And even if you are seeing that heaven and Earth please as introductory to a section, it is beginning a second short section that recaps gods creation of the heavens and Earth. That in no way does damage to the introductory sentence that introduced the creation of man in the last of chapter 2, beginning in verse 7.

And can you offer some commentary or scholarly reference that it must be interpreted as an introductory phrase? I haven't seen that.
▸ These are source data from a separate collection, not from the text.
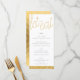 Personalize o menu do seu evento com estes bonitos cartões de menu! Cada placa apresenta um design de traçado de pincel de ouro pintado manualmente com uma inscrição cursiva moderna na frente e uma folha de fundo com um padrão de linha de estilo de deco de arte na parte de trás! Você pode personalizar todos os detalhes do menu. Esta placa é certamente um fator wow na configuração do seu mesa.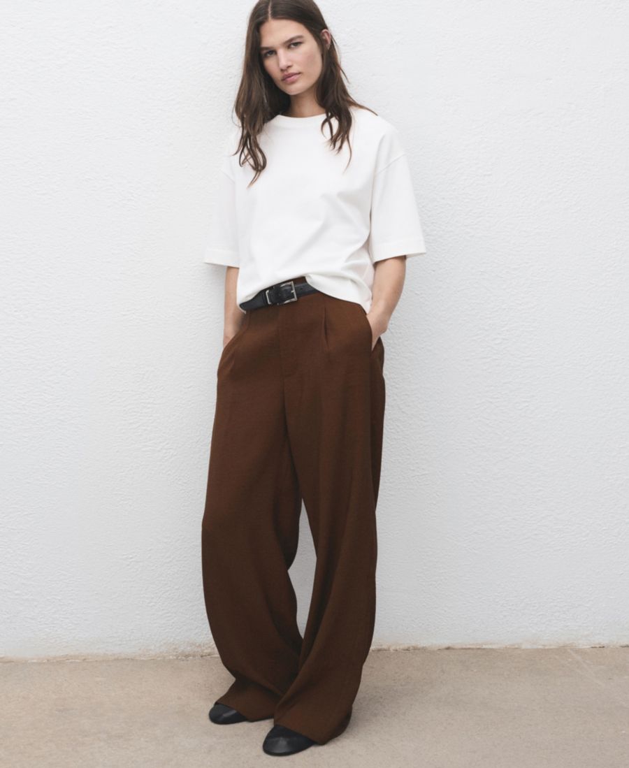 Универсальный крой отличает прямые плиссированные брюки от Mango.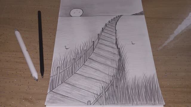 Мост. Старая лестница. Пейзаж. Падающая лестница. Рисунок #12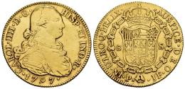 Carlos IV (1788-1808). 8 escudos. 1797. Popayán. JF. (Cal-1669). (Cal onza-1060). (Restrepo-98-14). Au. 26,63 g. Fue utilizada como joya. Limpiada. MBC-. Est...2500,00.

Ever.

I have seen references to repetition used to begin and end thoughts in Semetic writing--used a LOT in Proverbs, Psalms, Biblical history sections...

The phrase "genealogical annals", or thulduth.

I mispoke earlier, off of memory, and that phrase does not occur in Genesis 1. It occurs throughout the rest of Genesis, and is always forward-looking. That is, of the ten times that 'thulduth' is used in Genesis, the tale follows 'thulduth', and never precedes it.

5:1 This is the record of the descendants...(and, the list of the descendants follows)

6:9 This is the descendants of Noah...(and, the list of descendants follows)

10:1 This is the descendants of Noah's son...(and, the list of descendants follows)

11:10 This is the descendants of Shem...

11:27 This is the descendants of Terah...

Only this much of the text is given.